The present invention has been made in view of the above circumstances, and an object of the present invention is to provide a diameter-reducing / expanding device that is cheaper and has a simpler structure than those provided on a manufacturing line.

[0007]

The diameter reducing and expanding device of the present invention comprises a diameter reducing device for sequentially drawing the opening end of a can in multiple stages and a flange for the opening end of the can discharged from the diameter reducing device. A diameter reducing and expanding device for a can, which includes a diameter expanding device for processing, and a conveying path provided between the diameter reducing device and the diameter expanding device,

The diameter reducing device has a plurality of first holding portions which are arranged in one direction on the base and hold the bottom of the can.
The cans are adjacent to a plurality of diameter-reducing dies, which are provided on the base so as to face the first holding portions and advance toward the first holding portions to reduce the open end of the cans in a multi-step manner. And a conveying means for intermittently conveying to the first holding portion, and a diameter-reducing die driving means for simultaneously driving the diameter-reducing dies forward and backward,

The diameter reducing die comprises an outer die fitted to the outer peripheral side of the open end of the can and an inner die fitted to the inner peripheral side of the open end of the can.

The diameter reducing die driving means includes a rotatable first cam with which the outer die is slidably engaged, and a rotatable second cam with which the inner die is slidably engaged. With a cam,

The diameter expanding device includes a plurality of second holding portions rotatably arranged with respect to the base and holding the bottom of the can, and a die holder which rotates integrally with the second holding portions. A plurality of diameter-expanding dies which are attached to the die holder so as to face the second holding section and which advance toward the second holding section to expand the opening end of the can; A third cam that moves forward and backward with respect to the die holder in association with the rotation of the die holder and the second holding portion,

The first holding portion, the diameter-reducing die, and the second holding portion are provided with pressure detecting means for detecting the pressing force acting in the axial direction of the diameter-reducing and expanding diameters. Characterize.

[0013]

According to the diameter-reducing and expanding device of the present invention, the diameter-reducing device performs the drawing process and the flange-expanding device performs the flange processing.

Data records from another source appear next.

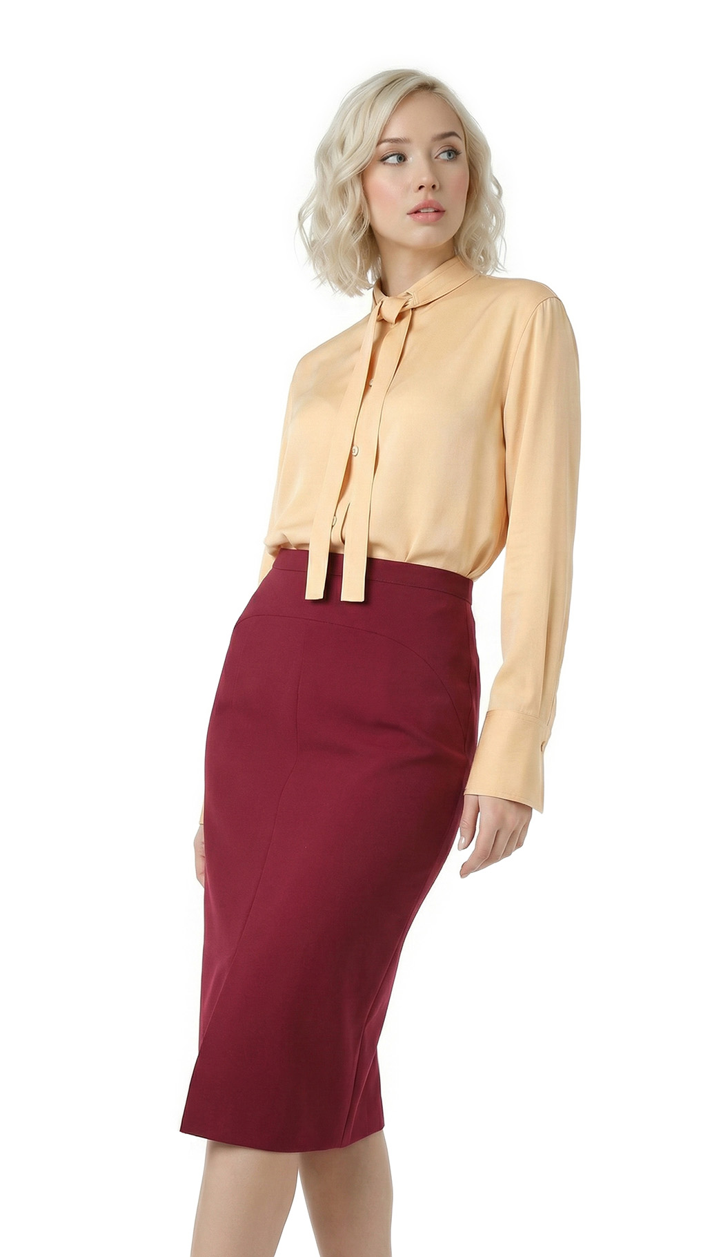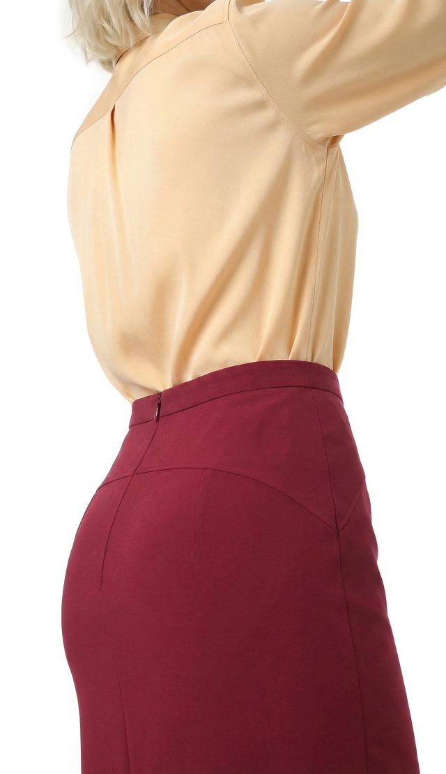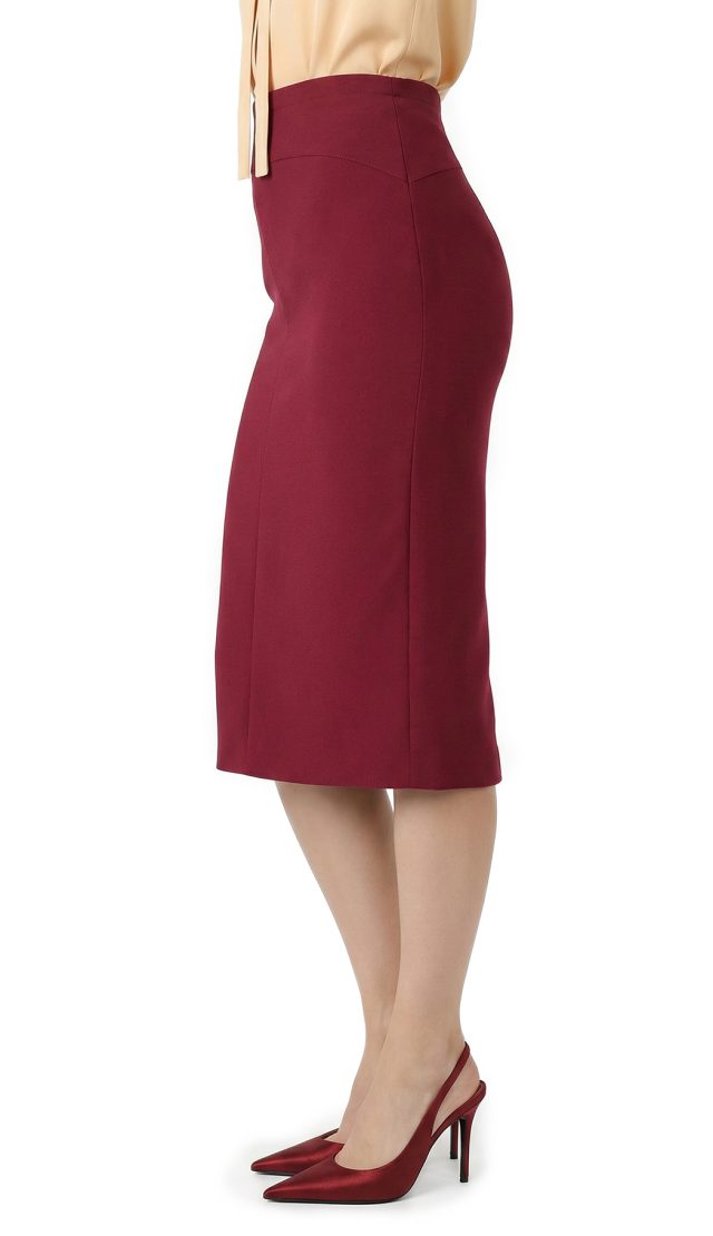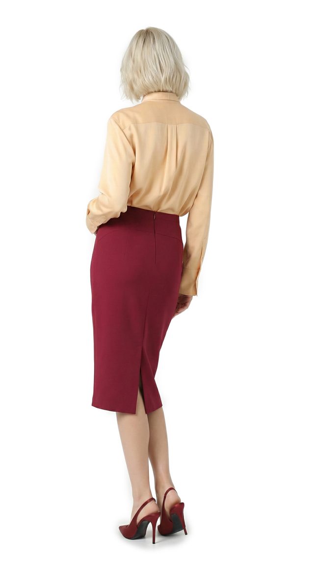 Новая юбка карандаш концерна Max Mara (коллекция Studio) приглушенного малинового цвета. Эффектная кокетка по талии. Застежка по спинке на молнию. Вытачки и глубокий вырез шлички для комфортной посадки. В составе: 71% триацетат (аналог натурального шелка), 29% п.э, на подкладе из 70% ацетата, 30% п.э: ткань экстра качества: средней плотности, очень мягкая, бархатистая, фактурная (в мелкий рубчик). Пошив — Италия. Состояние — новое, из аутлета концерна MaxMara (ярлык бренда надрезан — это политика аутлета).
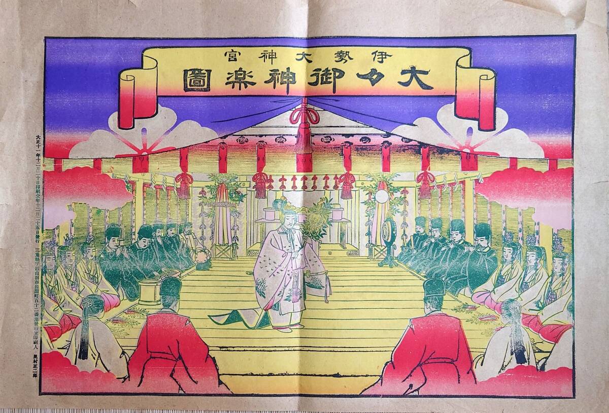 - f24080510〇摺物 石版画 伊勢大神宮 大々御神楽図 大正11年〇和本古書古文書
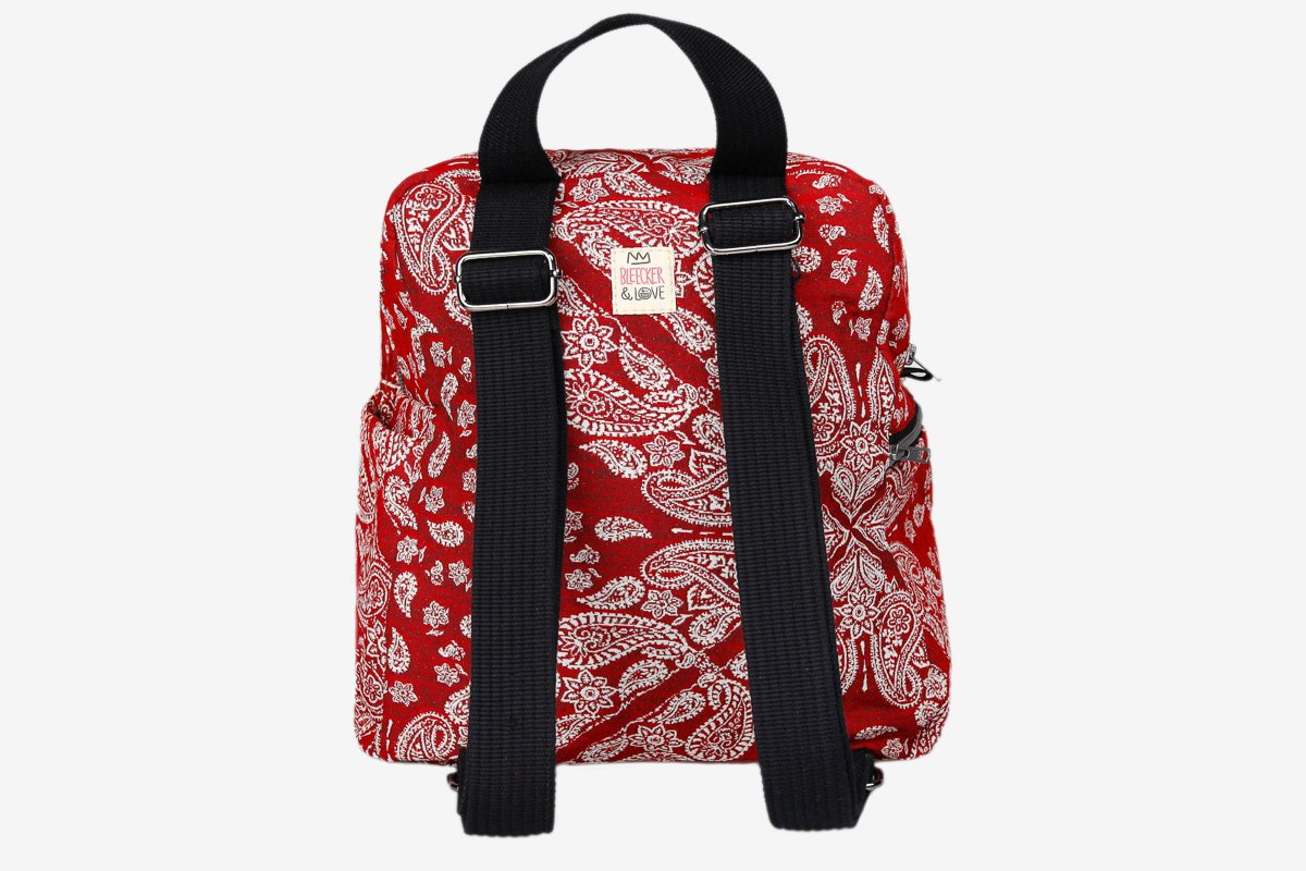 Our statement woven backpack includes waterproof lining, outer pockets on both sides, zipper closure, 2 interior pockets, 1 top handle and adjustable straps in the back.
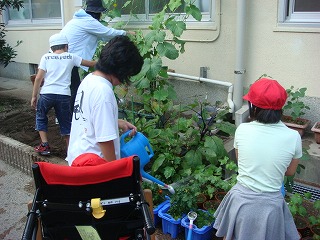 にじの子ガーデンで育てている野菜の苗もだいぶ大きくなりました。きゅうりはすでに5本ほど収穫しました。きゅうり以外にも、なすと枝豆があります。
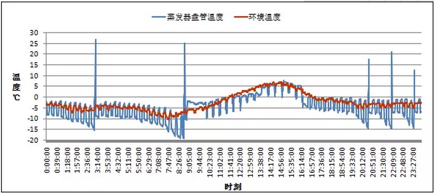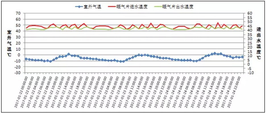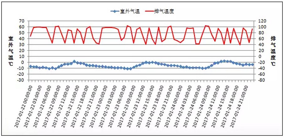 數(shù)據(jù)顯示這三天時(shí)間日平均氣溫-5℃~-6.3℃,最低氣溫-12.2℃,最高氣溫2.9℃,室內(nèi)溫度始終維持在18.5~21.2℃,機(jī)組出水溫度43~48℃,機(jī)組回水溫度41~45℃,出回水溫差基本穩(wěn)定在3℃,壓縮機(jī)運(yùn)行排氣溫度最高103.6℃。

In the diameter-reducing device, the can to be molded is supported with its bottom portion held by the first holding portion, and the diameter-reducing die is advanced by the diameter-reducing die driving means toward the open end of the supported can. The opening end is reduced in diameter. The can whose diameter has been reduced in the previous step is intermittently conveyed by the conveying means to the adjacent first holding portion, and when the diameter reduction die is advanced next, the diameter in the next step is reduced. In this way, by arranging a plurality of diameter reducing dies along the conveying direction of the can and advancing these plurality of diameter reducing dies at the same time, the diameter of the open end of the can is reduced successively.

In the diametric expansion device, the bottom part is held and supported by the second holding part, and the diametric expansion die attached to the die holder faces the opening end of the supported can.
The opening end is expanded by being advanced by the expanding die driving means in conjunction with the rotation of the holding part of the. In this way, the opening end of the can is expanded in diameter by advancing the diameter expansion die in conjunction with the conveying operation of the can.

[0016]

DETAILED DESCRIPTION OF THE PREFERRED EMBODIMENTS A diameter reducing and expanding device according to an embodiment of the present invention will be described below with reference to the drawings.

The diameter reducing and expanding device of this embodiment is shown in FIGS.
As shown in FIG. 2, a diameter reducing device 1 for sequentially performing multi-stage drawing processing on the opening end of the can C, a diameter expanding device 3 for performing flange processing on the opening end of the can C discharged from the diameter reducing device 1, The transport path 2 is provided between the diameter reducing device and the diameter expanding device.

As shown in FIG. 3, the diameter reducing device 1 has a first shaft 15 rotatably supported by a base 4 and driven to rotate, and a plate member 5 fixed to the base 4. Four pads (first holding portions) 6 arranged on the plate-like member 5 side by side in the circumferential direction to hold the bottom of the can C.
Adjacent to the can C, a plurality of diameter-reducing dies 7 which are provided on the base 4 so as to face the pads 6 and advance toward the pads 6 to reduce the open end of the can successively in multiple stages. Conveying means 8 for intermittently conveying to the pad 6, and the diameter reducing dies 7
And a diameter-reducing die driving means 9 for driving the same to advance and retreat simultaneously. A shooter 77 is attached toward the first pad 6 in the diameter reducing device 1.
The can C is dropped inside and the can C is supplied to the diameter reducing device 1.

The diameter-reducing die 7 is provided with an outer die 10 fitted to the outer peripheral side of the open end of the can and an inner die 11 fitted to the inner peripheral side of the open end of the can.

The outer mold 10 has a tubular member 12 interposed therebetween.
It is fixed to a holder member 14 attached to the shaft 15 so as to be movable in the axial direction thereof.
A cam follower 16 is fixed to the rear end of the No. 4.

The inner mold 11 is attached to the front end of a cylindrical shaft member 13 which is coaxially inserted into the cylindrical member 12 so as to move forward and backward, and a cam follower 17 is fixed to the rear end of the shaft member 13. Has been done.

The diameter reducing die driving means 9 is composed of the outer die 10
The cam follower 16 at the rear end is slidably engaged,
The first cam 18 fixed to the shaft 15 and the cam follower 17 at the rear end of the inner mold 11 are slidably engaged with each other, and the second cam 19 fixed to the shaft 15 is engaged.
It has and. The first cam 18 and the second cam 19
Have a phase difference with each other, and the outer die 10 and the inner die 11 are moved forward and backward with a mutual phase difference. For example, when the inner mold 11 is advanced to fit the open end of the can C, the outer mold 10 is advanced toward the open end of the can C, and the outer mold 10 is fitted to the open end. Alternatively, the inner mold 11 may be retracted.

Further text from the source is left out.